The International Energy Agency just did something it hasn't done in seven months: it reduced its forecast for how oversupplied the oil market will be next year. And in the world of energy forecasting, that's a pretty notable shift.

The agency's December Oil Market Report now projects a 3.84 million barrel-per-day surplus in 2026, down from the 4.09 million barrel-per-day glut it was calling for in November. That's a quarter-million barrel swing, driven by two things happening at once: demand is holding up better than expected, and supply is getting squeezed by sanctions.

On Friday morning, oil prices reflected some optimism. Brent crude futures climbed 46 cents to $61.75 a barrel by 3:55 AM ET, while U.S. West Texas Intermediate crude gained 49 cents to $58.09 a barrel. Both benchmarks were still headed for a roughly 3% weekly loss, though. The Energy Select Sector SPDR Fund (XLE), which holds major players like ExxonMobil (XOM) and Chevron (CVX), ticked up 0.48% in premarket trading. The United States Oil Fund (USO), tracking near-month WTI futures, gained 0.45%.

Demand Gets a Lift From Better Economics and Fading Tariff Anxiety

The IEA raised its global oil demand growth forecasts for both 2025 and 2026, pointing to improving macroeconomic conditions and the fact that everyone seems a bit less freaked out about tariffs. The agency now expects world oil demand to rise by 860,000 barrels per day in 2026, which is 90,000 barrels per day higher than what it projected last month. For 2025, the growth estimate went up by 40,000 barrels per day to 830,000 barrels per day.

According to the report, falling oil prices and a weaker U.S. dollar—both hovering near four-year lows—are likely to give consumption another boost. Nearly all the demand growth in 2025 is expected to come from non-OECD economies, where oil consumption tends to track more closely with broader economic momentum.

The agency also noted that recent U.S. trade agreements helped calm global sentiment after tariff-related uncertainty weighed on markets earlier in the year.

Sanctions Are Actually Working This Time

On the supply side, the IEA trimmed its growth forecasts for 2025 and 2026 because tightened sanctions on Russia and Venezuela are genuinely constraining exports.
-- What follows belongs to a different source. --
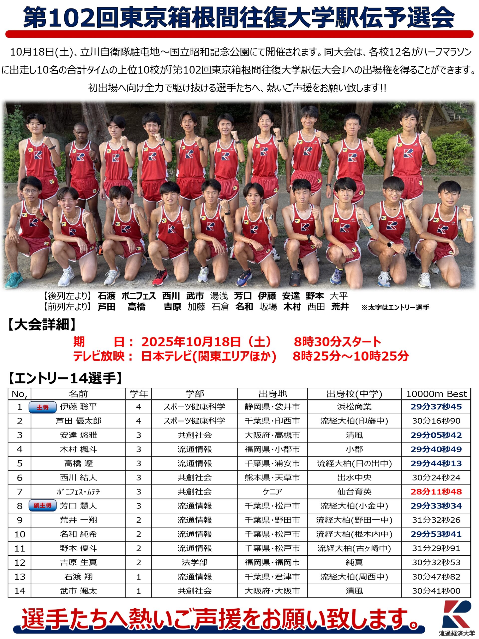 流通経済大学陸上競技部の駅伝チームが、今週末10月18日(土)に東京都立川市で開催される、第102回東京箱根間往復大学駅伝競走(箱根駅伝)の予選会に出場します。今年の予選会には、42校がエントリー。陸上自衛隊立川駐屯地から国営昭和記念公園までのハーフマラソン(21.0975km)に各校12人が出走し、上位10人の合計タイムで10校の本選出場権を競います。

The agency now expects global supply to rise by 2.4 million barrels per day next year, down from the 2.5 million barrels per day it projected previously.

Supply from OPEC and its key allies—collectively known as OPEC+—is expected to come in lower than earlier estimates. That reflects both disruptions in sanctioned countries and the group's decision to pause output increases during the first quarter of 2026. Global supply dropped by 610,000 barrels per day in November alone, driven by declines in Russia and Venezuela.

Russian export revenues fell to their lowest level since the 2022 invasion of Ukraine, according to the IEA. That's a data point worth paying attention to.

The Americas Keep Pumping

The IEA held its non-OPEC+ supply outlook steady for both 2025 and 2026 as producers in the Americas—including the United States, Canada, Brazil, Guyana, and Argentina—continue to ramp up output.

The agency reiterated that the current "parallel markets" trend will likely persist. That's the situation where crude oil supplies remain abundant while refined fuel markets stay tight. Limited spare refining capacity outside China and ongoing EU sanctions on Russian fuel are expected to keep pressure on product markets.

It's also worth noting that OPEC published its own data on Thursday, and it paints a very different picture. OPEC projects a broadly balanced global oil market in 2026, with supply and demand aligning closely. That's a sharp contrast to the IEA's forecast of a massive glut. Who's right? We'll find out in a couple years.